In subgroup analyses, case-control studies showed a significantly higher CKD risk (RR 1.98; 95% CI [1.85–2.11]) in individuals with kidney stones compared with cohort studies (RR 1.35; 95% CI [1.12–1.63]). Stratification based on sample size resulted in a pooled RR of 1.46 (95% CI [1.12–1.91]) in small sample studies and 1.49 (95% CI [1.10–2.03]) in large sample studies. Stratification based on region resulted in a pooled RR of 1.52 (95% CI [0.90–2.57]) in Asian populations and 1.44 (95% CI [1.20–1.73]) in Western populations. The observed positive association was also similar among studies with a mean age <50 years (RR 1.52; 95% CI [1.27–1.82]) and those with a mean age ≥ 50 years (RR 1.56; 95% CI [0.98–2.48]), although the latter did not reach statistical significance. Stratification based on follow-up time resulted in a pooled RR of 1.21 (95% CI [1.10–1.32]) for studies with a follow-up time <7.5 years and a pooled RR of 1.46 (95% CI [1.17–1.83]) for studies with a follow-up time ≥ 7.5 years. Stratification based on gender indicated that the pooled risks for CKD remained significant in female patients with kidney stones (RR 1.57; 95% CI [1.04–2.38]). However, the risk was slightly lower and did not remain significant in male patients with kidney stones (RR 1.40; 95% CI [0.98–1.99]). High heterogeneitywas present in subgroup analyses with the exception of case-control studies and mean follow-up time <7.5 years (I2 = 0%). In addition, when meta-regression performed, none of these variables had a significant interaction with the risk estimate (all P values > 0.05) (Table 2).

Forest plot of the included studies comparing risk of CKD between patients with a history of kidney stones and those without a history of kidney stones.

Figure 2: Forest plot of the included studies comparing risk of CKD between patients with a history of kidney stones and those without a history of kidney stones.

Table 2:
Subgroup analyses of chronic kidney disease in patients with kidney stones.
Subgroup No. of studies RR (95% CI) I2 (%) Pa Pb
Study design
Case-control 2 1.98 (1.85, 2.11) 0 0.710 0.101
Cohort 5 1.35 (1.12, 1.63) 91.5 <0.001
Region
Asian 2 1.52 (0.90, 2.57) 98.2 <0.001 0.808
Non-Asian 5 1.44 (1.20, 1.73) 86.7 <0.001
Sample size
<50,000 5 1.46 (1.12, 1.91) 94.9 <0.001 0.917
≥50,000 2 1.49 (1.10, 2.03) 93.5 <0.001
Participant’s average age (y)
<50 3 1.52 (1.27, 1.82) 87.2 <0.001 0.908
≥50 3 1.56 (0.98, 2.48) 94.0 <0.001
Mean follow-up (y)
<7.5 2 1.21 (1.10, 1.32) 0 0.337 0.380
≥7.5 3 1.46 (1.17, 1.83) 90 <0.001
Gender
Men 2 1.40 (0.98, 1.99) 95.3 <0.001 0.714
Women 2 1.57 (1.04, 2.38) 94.4 <0.001
DOI: 10.7717/peerj.2907/table-2

Notes:

RR

risk ratio

CI

confidence interval

P value for heterogeneity among studies assessed with Cochran’s Q test.
P value for interaction evaluated by meta-regression models.

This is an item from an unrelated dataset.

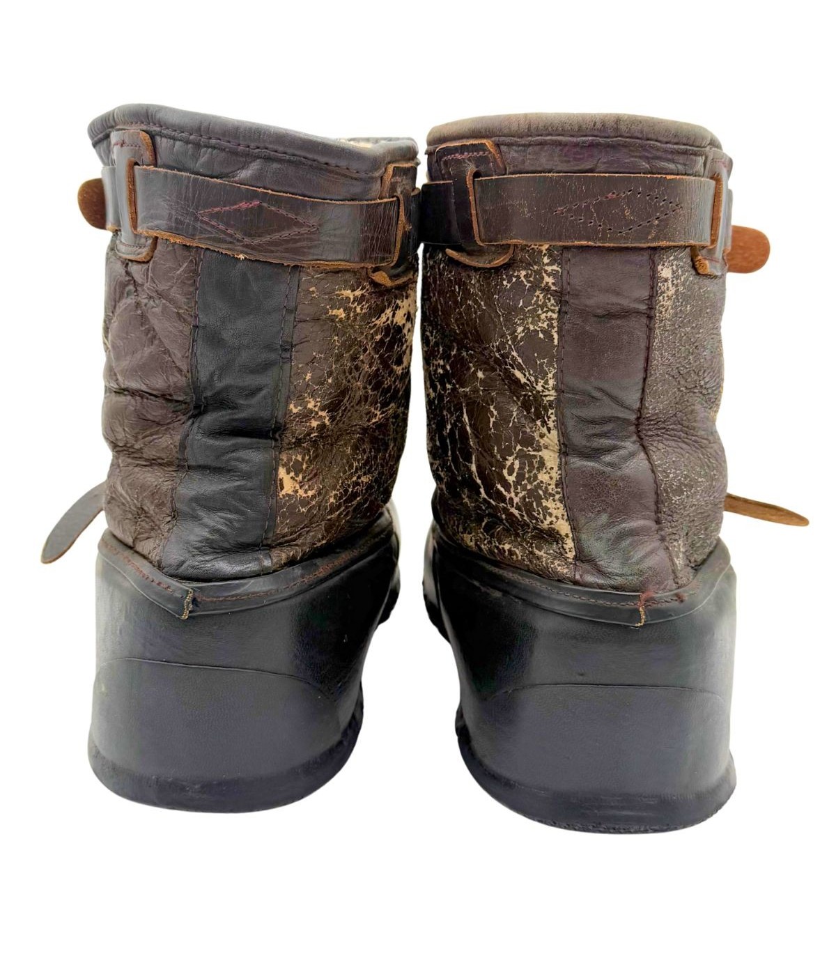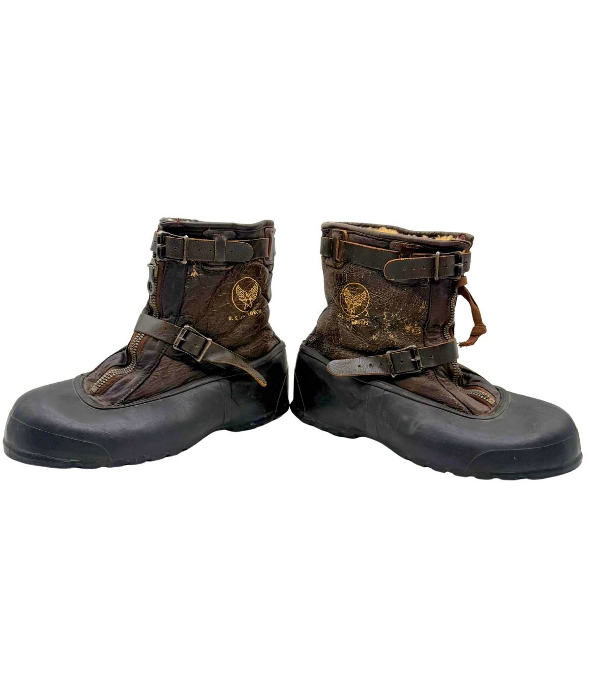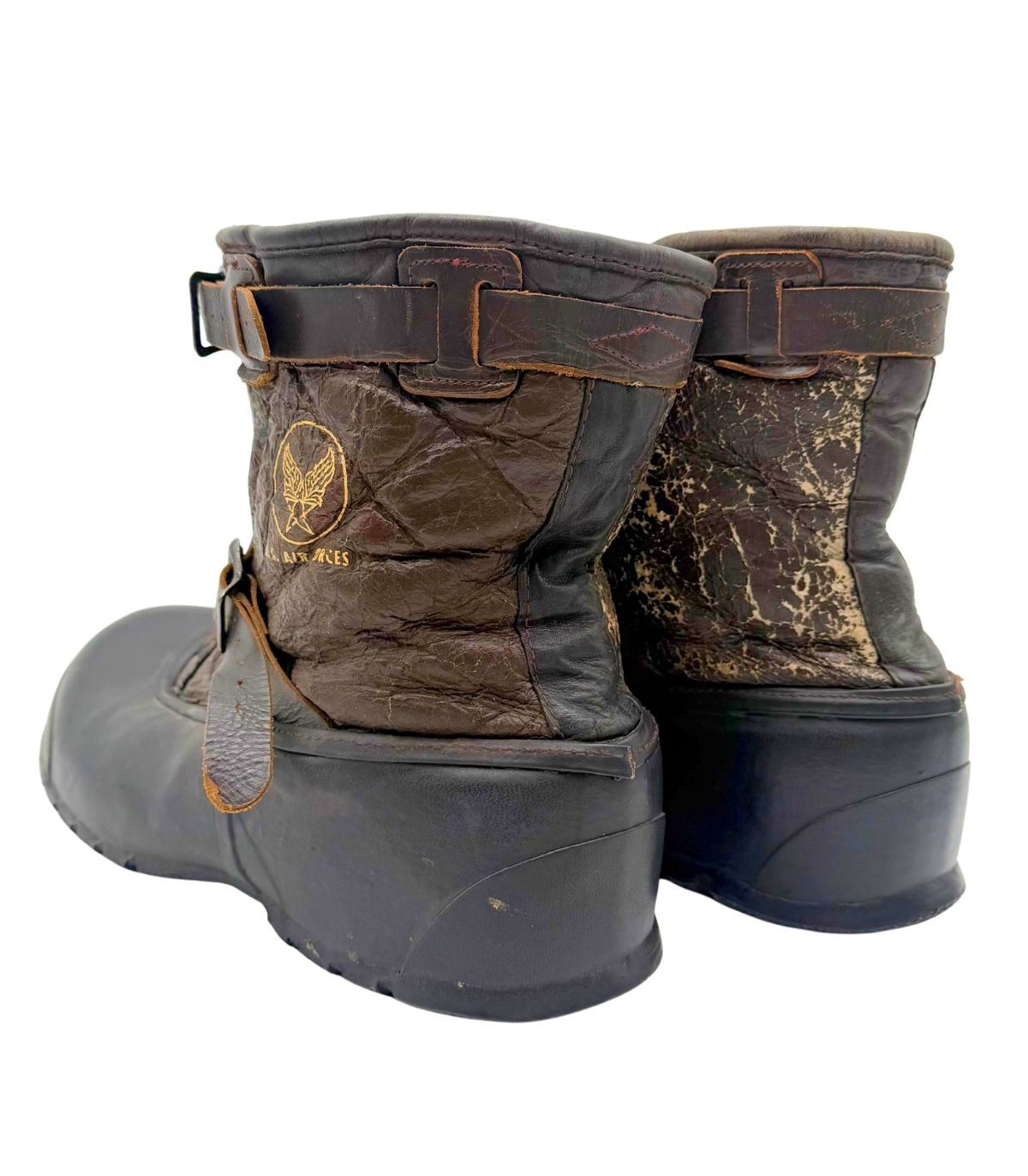 Paire de bottes de type A-1 en fourrure de mouton pour les équipages et pilotes de l'US Air Force. Elle fait partie des équipements de vol pour conditions froides, notamment pour les équipages de bombardiers, vols à haute altitude, ou autres vols exposés au froid.

Sensitivity analyses and reporting bias

Sensitivity analysis indicated that the estimate remained significant despite omission of any of the studies [RR varied between 1.38 (95% CI [1.16–1.65]) and 1.54 (95% CI [1.29–1.85])] (Table S2). We did not construct a funnel plot as they are known to be unreliable when used with fewer than 10 studies (Higgins & Green, 2011).

Discussion

This study is the first meta-analysis to present the risk of CKD in patients with kidney stone history. We confirmed kidney stones were associated with an increased risk of CKD with a RR of 1.47 (95% CI [1.23–1.76]).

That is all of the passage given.